**Required work**:
Transcribe every entry verbatim; omit pictures.

------ Records for this exercise ------

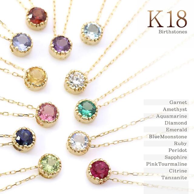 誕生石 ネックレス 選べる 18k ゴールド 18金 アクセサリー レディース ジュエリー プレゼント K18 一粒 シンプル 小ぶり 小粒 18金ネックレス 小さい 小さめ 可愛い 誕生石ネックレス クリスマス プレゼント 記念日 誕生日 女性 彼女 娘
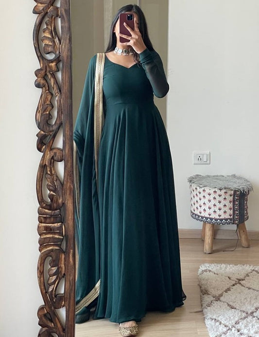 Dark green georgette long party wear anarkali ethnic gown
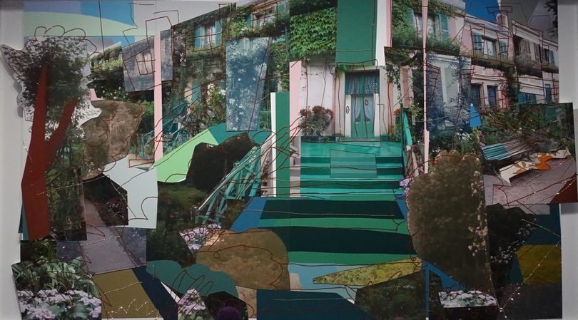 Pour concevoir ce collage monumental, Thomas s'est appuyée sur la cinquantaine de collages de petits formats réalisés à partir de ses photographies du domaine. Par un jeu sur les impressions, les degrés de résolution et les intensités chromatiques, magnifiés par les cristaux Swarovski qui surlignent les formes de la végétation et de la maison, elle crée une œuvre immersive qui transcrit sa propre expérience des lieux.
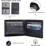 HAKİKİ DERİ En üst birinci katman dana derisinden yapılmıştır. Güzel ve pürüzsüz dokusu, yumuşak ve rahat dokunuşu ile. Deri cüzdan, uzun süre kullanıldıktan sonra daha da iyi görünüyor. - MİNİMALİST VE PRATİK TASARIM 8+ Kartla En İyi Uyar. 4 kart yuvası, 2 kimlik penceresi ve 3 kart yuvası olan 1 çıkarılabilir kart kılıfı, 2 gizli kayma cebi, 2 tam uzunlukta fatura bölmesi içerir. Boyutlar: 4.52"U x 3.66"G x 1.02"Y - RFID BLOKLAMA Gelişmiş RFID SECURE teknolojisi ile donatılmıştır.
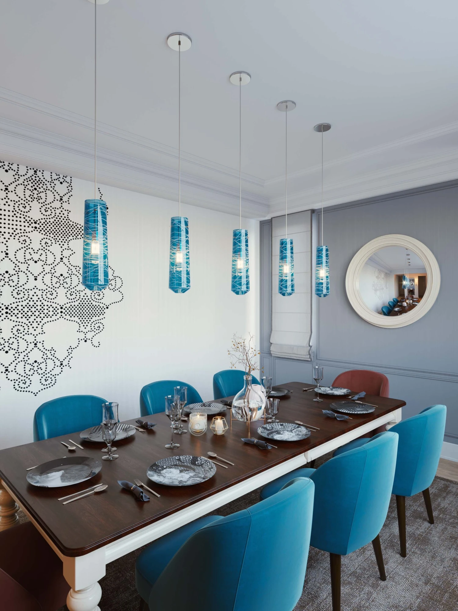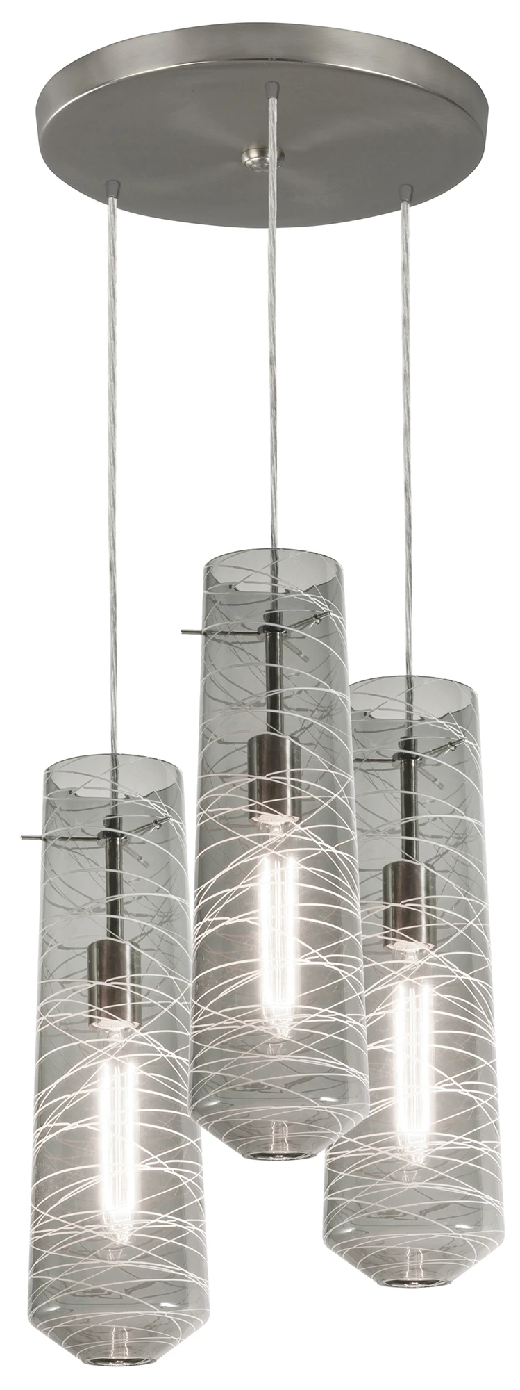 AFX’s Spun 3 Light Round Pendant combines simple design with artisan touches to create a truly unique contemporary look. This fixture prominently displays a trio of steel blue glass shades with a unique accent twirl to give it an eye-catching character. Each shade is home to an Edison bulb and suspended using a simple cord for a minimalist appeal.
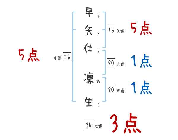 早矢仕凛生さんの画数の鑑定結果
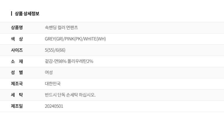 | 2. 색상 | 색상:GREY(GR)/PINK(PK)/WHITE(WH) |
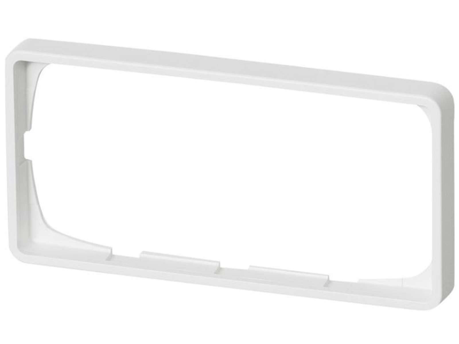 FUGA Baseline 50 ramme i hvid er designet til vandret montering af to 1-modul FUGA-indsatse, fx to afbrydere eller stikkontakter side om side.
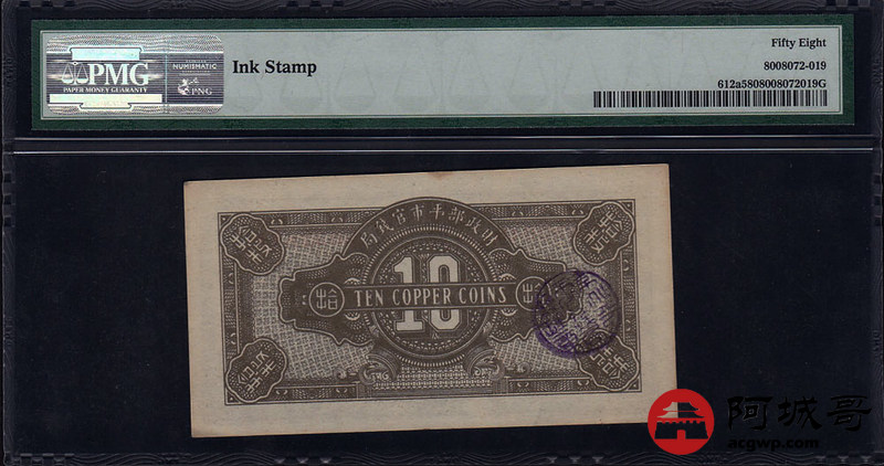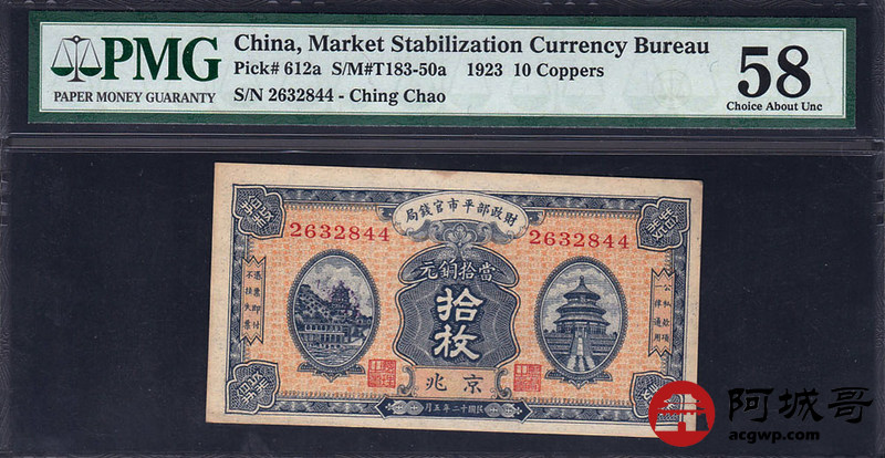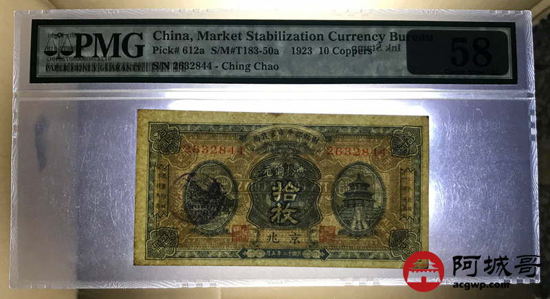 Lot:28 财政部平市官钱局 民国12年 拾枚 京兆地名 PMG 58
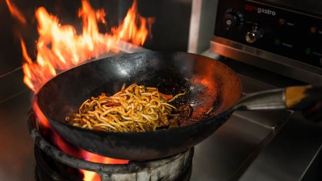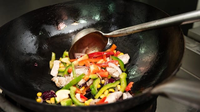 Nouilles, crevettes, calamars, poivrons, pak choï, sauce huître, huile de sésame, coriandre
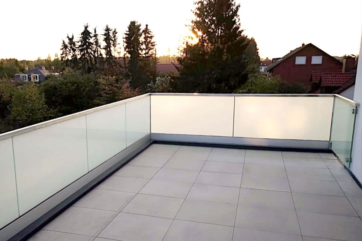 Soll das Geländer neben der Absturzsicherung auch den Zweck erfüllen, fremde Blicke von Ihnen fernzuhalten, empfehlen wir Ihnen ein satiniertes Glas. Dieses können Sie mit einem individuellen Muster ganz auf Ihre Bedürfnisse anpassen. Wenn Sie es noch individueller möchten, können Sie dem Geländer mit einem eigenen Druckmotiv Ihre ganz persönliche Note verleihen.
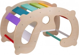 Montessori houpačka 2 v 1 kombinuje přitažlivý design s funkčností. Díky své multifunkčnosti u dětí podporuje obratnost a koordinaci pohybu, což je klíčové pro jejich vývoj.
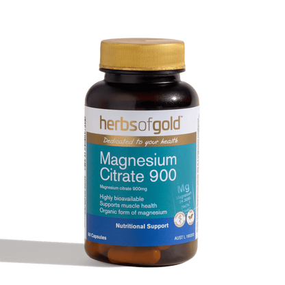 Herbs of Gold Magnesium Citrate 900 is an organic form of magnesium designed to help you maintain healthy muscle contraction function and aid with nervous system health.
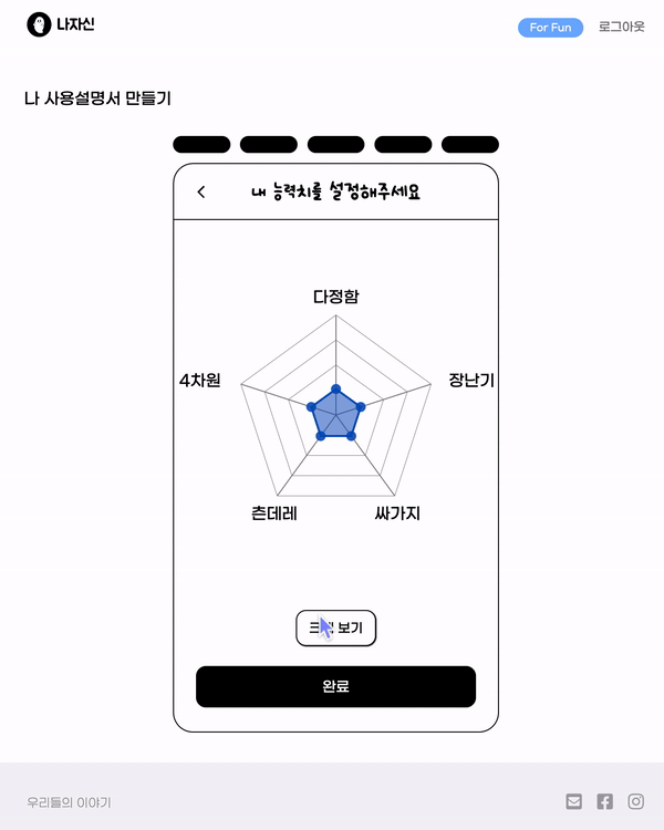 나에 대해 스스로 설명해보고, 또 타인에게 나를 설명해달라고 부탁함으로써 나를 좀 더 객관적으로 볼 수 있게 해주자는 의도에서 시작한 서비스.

------

**Problem solution**:
 誕生石 ネックレス 選べる 18k ゴールド 18金 アクセサリー レディース ジュエリー プレゼント K18 一粒 シンプル 小ぶり 小粒 18金ネックレス 小さい 小さめ 可愛い 誕生石ネックレス クリスマス プレゼント 記念日 誕生日 女性 彼女 娘
 Dark green georgette long party wear anarkali ethnic gown
 Pour concevoir ce collage monumental, Thomas s'est appuyée sur la cinquantaine de collages de petits formats réalisés à partir de ses photographies du domaine. Par un jeu sur les impressions, les degrés de résolution et les intensités chromatiques, magnifiés par les cristaux Swarovski qui surlignent les formes de la végétation et de la maison, elle crée une œuvre immersive qui transcrit sa propre expérience des lieux.
 HAKİKİ DERİ En üst birinci katman dana derisinden yapılmıştır. Güzel ve pürüzsüz dokusu, yumuşak ve rahat dokunuşu ile. Deri cüzdan, uzun süre kullanıldıktan sonra daha da iyi görünüyor. - MİNİMALİST VE PRATİK TASARIM 8+ Kartla En İyi Uyar. 4 kart yuvası, 2 kimlik penceresi ve 3 kart yuvası olan 1 çıkarılabilir kart kılıfı, 2 gizli kayma cebi, 2 tam uzunlukta fatura bölmesi içerir. Boyutlar: 4.52"U x 3.66"G x 1.02"Y - RFID BLOKLAMA Gelişmiş RFID SECURE teknolojisi ile donatılmıştır.
 AFX’s Spun 3 Light Round Pendant combines simple design with artisan touches to create a truly unique contemporary look. This fixture prominently displays a trio of steel blue glass shades with a unique accent twirl to give it an eye-catching character. Each shade is home to an Edison bulb and suspended using a simple cord for a minimalist appeal.
 早矢仕凛生さんの画数の鑑定結果
 | 2. 색상 | 색상:GREY(GR)/PINK(PK)/WHITE(WH) |
 FUGA Baseline 50 ramme i hvid er designet til vandret montering af to 1-modul FUGA-indsatse, fx to afbrydere eller stikkontakter side om side.
 Lot:28 财政部平市官钱局 民国12年 拾枚 京兆地名 PMG 58
 Nouilles, crevettes, calamars, poivrons, pak choï, sauce huître, huile de sésame, coriandre
 Soll das Geländer neben der Absturzsicherung auch den Zweck erfüllen, fremde Blicke von Ihnen fernzuhalten, empfehlen wir Ihnen ein satiniertes Glas. Dieses können Sie mit einem individuellen Muster ganz auf Ihre Bedürfnisse anpassen. Wenn Sie es noch individueller möchten, können Sie dem Geländer mit einem eigenen Druckmotiv Ihre ganz persönliche Note verleihen.
 Montessori houpačka 2 v 1 kombinuje přitažlivý design s funkčností. Díky své multifunkčnosti u dětí podporuje obratnost a koordinaci pohybu, což je klíčové pro jejich vývoj.
 Herbs of Gold Magnesium Citrate 900 is an organic form of magnesium designed to help you maintain healthy muscle contraction function and aid with nervous system health.
 나에 대해 스스로 설명해보고, 또 타인에게 나를 설명해달라고 부탁함으로써 나를 좀 더 객관적으로 볼 수 있게 해주자는 의도에서 시작한 서비스.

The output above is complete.